§ Prompt
Retype every record exactly. Skip the images.

§ Items from a data source

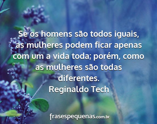Se os homens são todos iguais, as mulheres podem ficar apenas com um a vida toda; porém, como as mulheres são todas diferentes.Reginaldo Tech
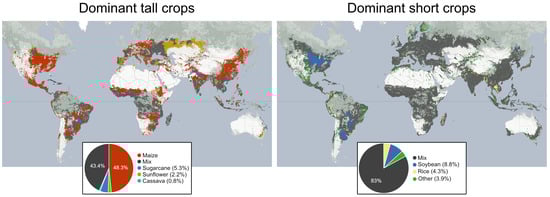 Maps illustrating dominant crops based on IFPRI SPAM-2010 v2.0 [] (using the layer corresponding to physical area—all technologies together). In these maps, a crop is deemed dominant in a region if it accounts for more than 90% of the tall or short crop total area. The map on the left displays tall crops (i.e., maize, sugarcane, sunflower, and cassava), with maize dominating in 48% of areas with tall crops. Put another way, 68% of the total global area where maize is grown consists of regions where maize is the dominant crop; for sugarcane, this fraction is 46%. The map on the right represents short crops. It includes all the short crops listed in the SPAM dataset (with the exception of wheat, barley, and rapeseed grown primarily during winter). A total of 50% of the global area where soybean is grown consists of regions where soybean is the dominant crop, while for rice this fraction is around 20%.
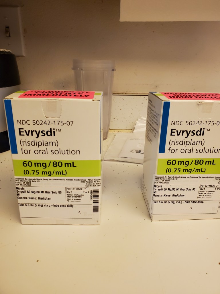 I learned about Evrysdi after an invitation to an information webinar hosted by the company. It was an oral medication taken daily. I was relieved. That seemed so much more doable compared to the spinal injections. Moreover, listed side effects were very limited (at the time at least). The only real bad issue that seemed remotely likely that could be bad enough to force me to quit was the chance of kidney issues. My confidence increased again at the prospect of being treated. I went for it.
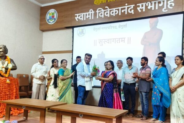 ⚡वेंगुर्ला ता.२९-: स्वामी विवेकानंद यांच्या वेंगुर्ला भेटीच्या ऐतिहासिक स्मृती जतन करण्याच्या उद्देशाने वेंगुर्ला नगरपरिषदकडून उभारण्यात आलेल्या स्वामी विवेकानंद हॉल निर्मितीसाठी महत्त्वाची भूमिका बजावणारे तत्कालीन पालकमंत्री रविद्र चव्हाण यांचा आनंदयात्री वाङ्मय परिवारातर्फे ज्येष्ठ लेखिका वृंदा कांबळी यांच्या हस्ते सन्मानपूर्वक सत्कार करण्यात आला.
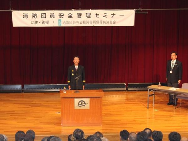 式典では、優良消防団員165人の表彰や来賓による祝辞が行われ、中山市長は「消防、行政、市民が一体となり、安全・安心なまちづくりをさらに進めていきたい」と述べました。廣野消防長も「安全で安心な京丹後市を目指し、さらなる努力を重ねる」と訓示し、川浪消防団長は「市民の生命や財産を守る使命を果たすため、組織力を強化し進化を続ける年にする」と決意を語りました。
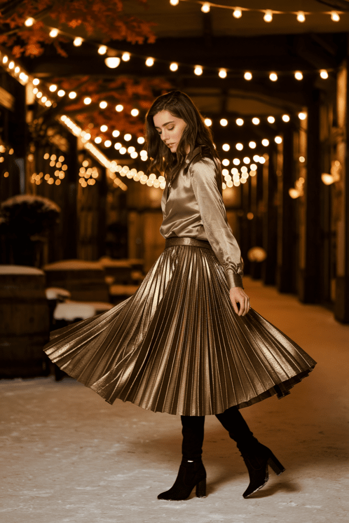 A metallic pleated midi floats in fall and glimmers in winter. Gold and pewter look gorgeous against both autumn sunsets and snowy evenings.
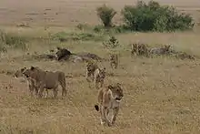مهاجران: این گروه گستره بیشتری برای زندگی انتخاب میکنند و به صورت تکی یا دوتایی در حرکتند.[106] جفتشدن گروهی از سوی نرهای بالغی که از گروه مادری خود بیرون انداخته شدهاند معمولتر است. شیرها میتوانند وضعیت زندگی خود را از مهاجر به مقیم و بالعکس تغییر دهند. گاه نرها در طول زندگی نمیتوانند وارد هیچ گلهای شوند. مادههای مهاجر اما برای مقیم شدن مشکل سختتری دارند و آن پذیرفته نشدنشان از سوی مادههای گله مقیم است که جلوی پیوستن آنها به گله را میگیرد. منطقهای که توسط یک گله اشغال میشود اغلب قلمرو خوانده میشود.[106] قلمرو این جانوران میتواند در گستردهترین حالت تا ۲۶۰ کیلومتر مربع را پوشش دهد.[107]

§ Exercise result
Se os homens são todos iguais, as mulheres podem ficar apenas com um a vida toda; porém, como as mulheres são todas diferentes.Reginaldo Tech
 Maps illustrating dominant crops based on IFPRI SPAM-2010 v2.0 [] (using the layer corresponding to physical area—all technologies together). In these maps, a crop is deemed dominant in a region if it accounts for more than 90% of the tall or short crop total area. The map on the left displays tall crops (i.e., maize, sugarcane, sunflower, and cassava), with maize dominating in 48% of areas with tall crops. Put another way, 68% of the total global area where maize is grown consists of regions where maize is the dominant crop; for sugarcane, this fraction is 46%. The map on the right represents short crops. It includes all the short crops listed in the SPAM dataset (with the exception of wheat, barley, and rapeseed grown primarily during winter). A total of 50% of the global area where soybean is grown consists of regions where soybean is the dominant crop, while for rice this fraction is around 20%.
 I learned about Evrysdi after an invitation to an information webinar hosted by the company. It was an oral medication taken daily. I was relieved. That seemed so much more doable compared to the spinal injections. Moreover, listed side effects were very limited (at the time at least). The only real bad issue that seemed remotely likely that could be bad enough to force me to quit was the chance of kidney issues. My confidence increased again at the prospect of being treated. I went for it.
 ⚡वेंगुर्ला ता.२९-: स्वामी विवेकानंद यांच्या वेंगुर्ला भेटीच्या ऐतिहासिक स्मृती जतन करण्याच्या उद्देशाने वेंगुर्ला नगरपरिषदकडून उभारण्यात आलेल्या स्वामी विवेकानंद हॉल निर्मितीसाठी महत्त्वाची भूमिका बजावणारे तत्कालीन पालकमंत्री रविद्र चव्हाण यांचा आनंदयात्री वाङ्मय परिवारातर्फे ज्येष्ठ लेखिका वृंदा कांबळी यांच्या हस्ते सन्मानपूर्वक सत्कार करण्यात आला.
 式典では、優良消防団員165人の表彰や来賓による祝辞が行われ、中山市長は「消防、行政、市民が一体となり、安全・安心なまちづくりをさらに進めていきたい」と述べました。廣野消防長も「安全で安心な京丹後市を目指し、さらなる努力を重ねる」と訓示し、川浪消防団長は「市民の生命や財産を守る使命を果たすため、組織力を強化し進化を続ける年にする」と決意を語りました。
 A metallic pleated midi floats in fall and glimmers in winter. Gold and pewter look gorgeous against both autumn sunsets and snowy evenings.
مهاجران: این گروه گستره بیشتری برای زندگی انتخاب میکنند و به صورت تکی یا دوتایی در حرکتند.[106] جفتشدن گروهی از سوی نرهای بالغی که از گروه مادری خود بیرون انداخته شدهاند معمولتر است. شیرها میتوانند وضعیت زندگی خود را از مهاجر به مقیم و بالعکس تغییر دهند. گاه نرها در طول زندگی نمیتوانند وارد هیچ گلهای شوند. مادههای مهاجر اما برای مقیم شدن مشکل سختتری دارند و آن پذیرفته نشدنشان از سوی مادههای گله مقیم است که جلوی پیوستن آنها به گله را میگیرد. منطقهای که توسط یک گله اشغال میشود اغلب قلمرو خوانده میشود.[106] قلمرو این جانوران میتواند در گستردهترین حالت تا ۲۶۰ کیلومتر مربع را پوشش دهد.[107]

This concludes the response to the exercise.